Program ini diarahkan untuk memperkuat peran masjid dalam pemberdayaan ekonomi umat sekaligus mendukung target Indonesia dalam peta industri halal global menuju WHO (Wajib Halal Oktober) 2026.
Acara launching dihadiri Direktur Halal Center PW DMI Jawa Timur, Dr. Hj. Siti Nur Husnul Yusmiati, STP, M.Kes, Ketua Majelis Ekonomi Syariah PD DMI Gresik KH. Dr. Ahmad Thoyyib Mas’udi, MA, Diskoperindag Gresik yang diwakili Kabid Industri H. Muannan, serta DPMPTSP Gresik Kabid Pelayanan Perizinan Usaha dan Perizinan Komersial, Fauzi Budi Setiawan, S.T., M.T. Takmir masjid, pengurus DMI kecamatan, dan pelaku UMKM berbasis jamaah masjid turut memenuhi ruangan hall.
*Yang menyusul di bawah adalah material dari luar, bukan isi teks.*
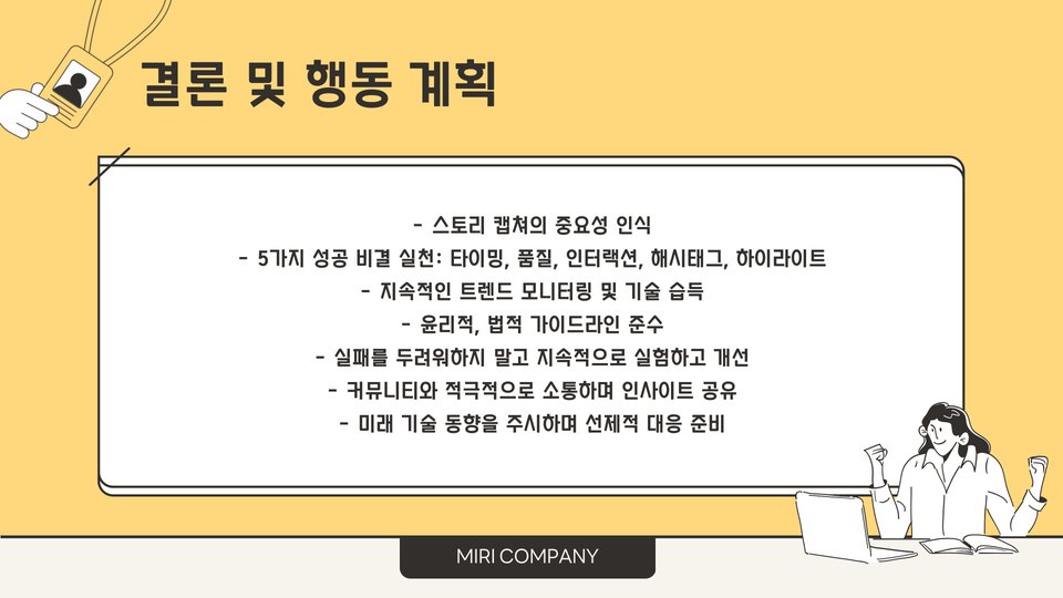 이번 포스트에서는 인스타 스토리 캡쳐의 성공 비결 5가지를 알아보았습니다. 창의적인 콘텐츠 제작, 팔로워와의 상호작용, 일정한 주기 유지, 진정성과 스토리텔링, 그리고 최신 트렌드를 반영하는 것이 핵심입니다. 이러한 요소들을 잘 활용하면, 더욱 많은 사람들과 소통하고, 인스타그램에서의 영향력을 확대할 수 있습니다.

Dalam sambutannya, Ketua DMI Gresik, KH.Zainal Abidin, M.Fil.I menjelaskan, program Komunitas “UMKM Jamaah Masjid” yang diketuai oleh Asmaul Husna ini dirancang sebagai wadah pembinaan usaha sekaligus pendampingan teknis pengurusan sertifikasi halal, terutama bagi pelaku UMKM pangan, minuman, dan produk konsumsi lain yang tumbuh dari lingkungan masjid.
“Banyak pelaku UMKM jamaah yang produknya dinilai sudah memenuhi kaidah halal namun belum bersertifikat resmi, sehingga terkendala memperluas pasar dan menembus jaringan distribusi modern maupun platform digital,” terang Yai Zainal.
Di tempat yang sama, Direktur Halal Center PW DMI Jatim, Dr. Hj. Siti Nur Husnul Yusmiati, STP, M.Kes menegaskan, DMI siap mengawal proses percepatan sertifikasi halal melalui edukasi, pendampingan administratif hingga klinik konsultasi dan kolaborasi dengan lembaga pendamping proses produk halal (LP3H) PW DMI Jatim. Ia menyebut, penguatan basis UMKM halal berbasis masjid menjadi kunci untuk mengisi peluang besar industri halal nasional dan global.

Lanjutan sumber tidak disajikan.